**Assignment**
Leave the images aside and repeat the whole listing exactly.

═════ Supplied material ═════

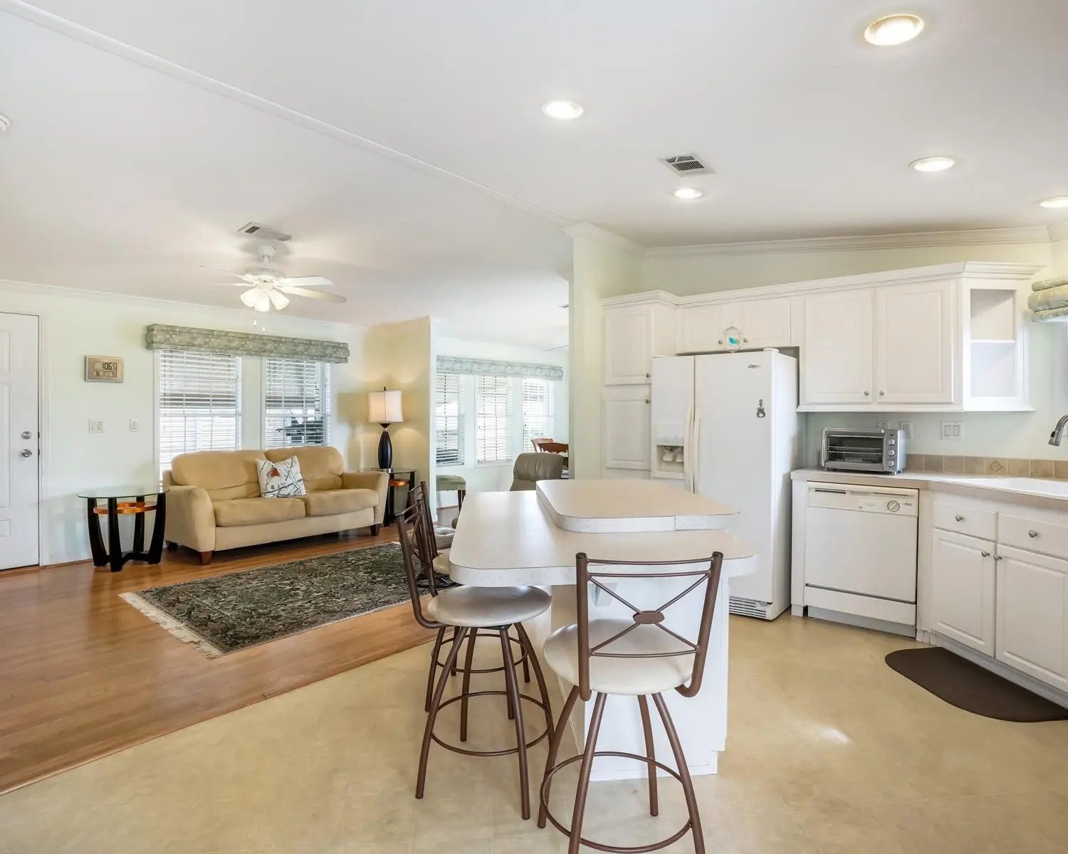 Beautiful 2 bed, 2 bath mobile home in 55+ Park City Estates—own the land. Immaculately kept with vinyl flooring throughout. Open concept kitchen features white cabinets and a central island. Spacious bedrooms and pristine bathrooms offer comfort and style. Large carport and shed provide great storage, plus a lovely outdoor open porch to enjoy the outdoors. Washer Dryer inside the home for ease. Low HOA adds value to this gorgeous home. Come see today and make it your very own.
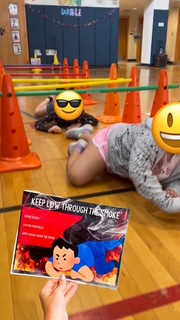 Keep Low Through The Smoke 💨Students army crawl under equipment. No tunnel? No problem! Use chairs with pool noodles laid across for a creative alternative.
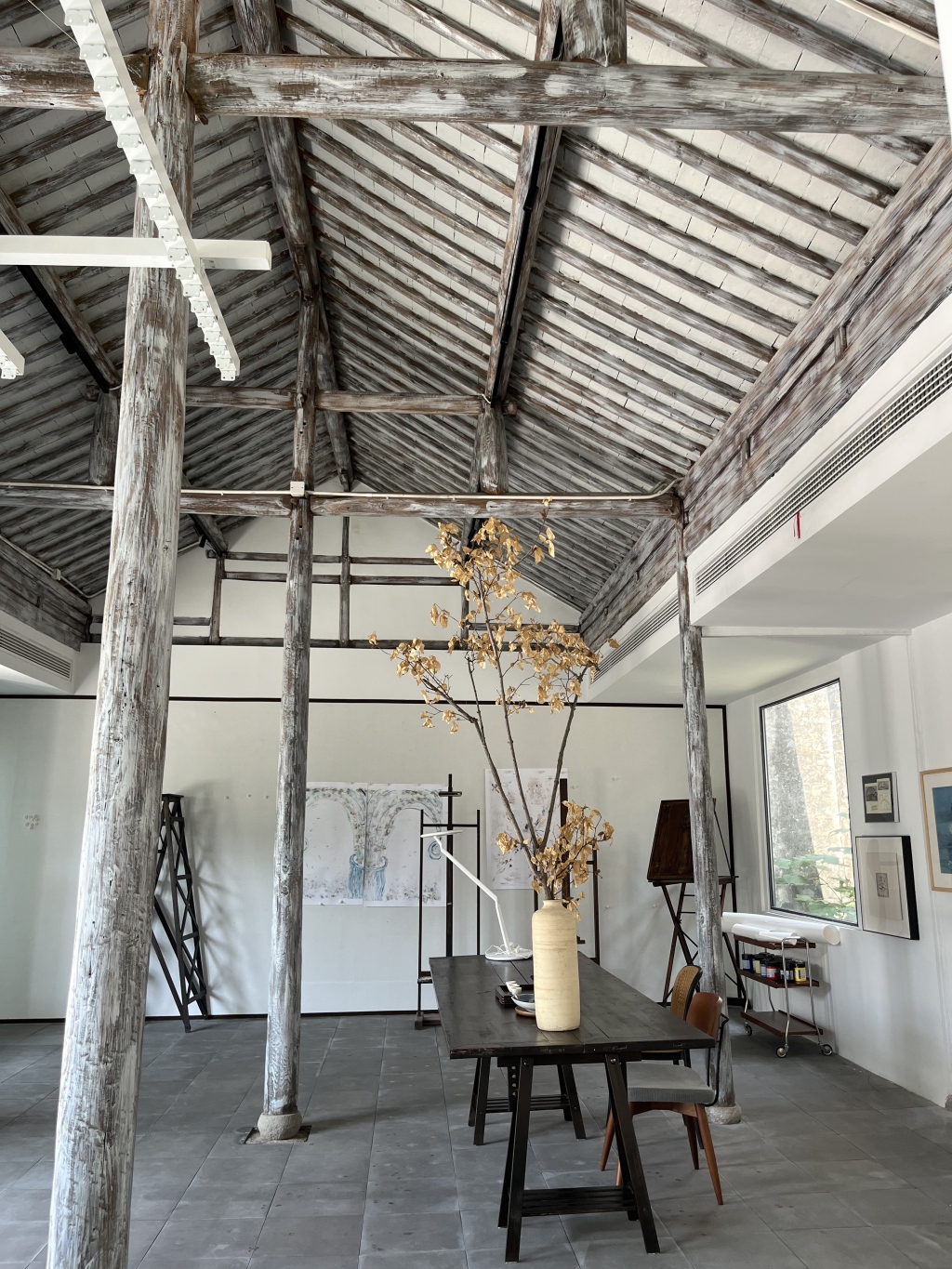 春节期间的黎里古镇也还是有些冷清,不用花功夫就在河边找到了金家老宅,半米宽的弄堂左手边是金家废弃多年的祖宅,右手边还有住家。院子里杂草丛生只有一棵老树还矗立着努力探出墙外,走在杂草间会担心踩到老金讲过的赤练蛇故事。幸好厅堂保存完整,格局和梁木雕纹都是以前大户人家的派头。

═════

**Written response**
 Beautiful 2 bed, 2 bath mobile home in 55+ Park City Estates—own the land. Immaculately kept with vinyl flooring throughout. Open concept kitchen features white cabinets and a central island. Spacious bedrooms and pristine bathrooms offer comfort and style. Large carport and shed provide great storage, plus a lovely outdoor open porch to enjoy the outdoors. Washer Dryer inside the home for ease. Low HOA adds value to this gorgeous home. Come see today and make it your very own.
 Keep Low Through The Smoke 💨Students army crawl under equipment. No tunnel? No problem! Use chairs with pool noodles laid across for a creative alternative.
 春节期间的黎里古镇也还是有些冷清,不用花功夫就在河边找到了金家老宅,半米宽的弄堂左手边是金家废弃多年的祖宅,右手边还有住家。院子里杂草丛生只有一棵老树还矗立着努力探出墙外,走在杂草间会担心踩到老金讲过的赤练蛇故事。幸好厅堂保存完整,格局和梁木雕纹都是以前大户人家的派头。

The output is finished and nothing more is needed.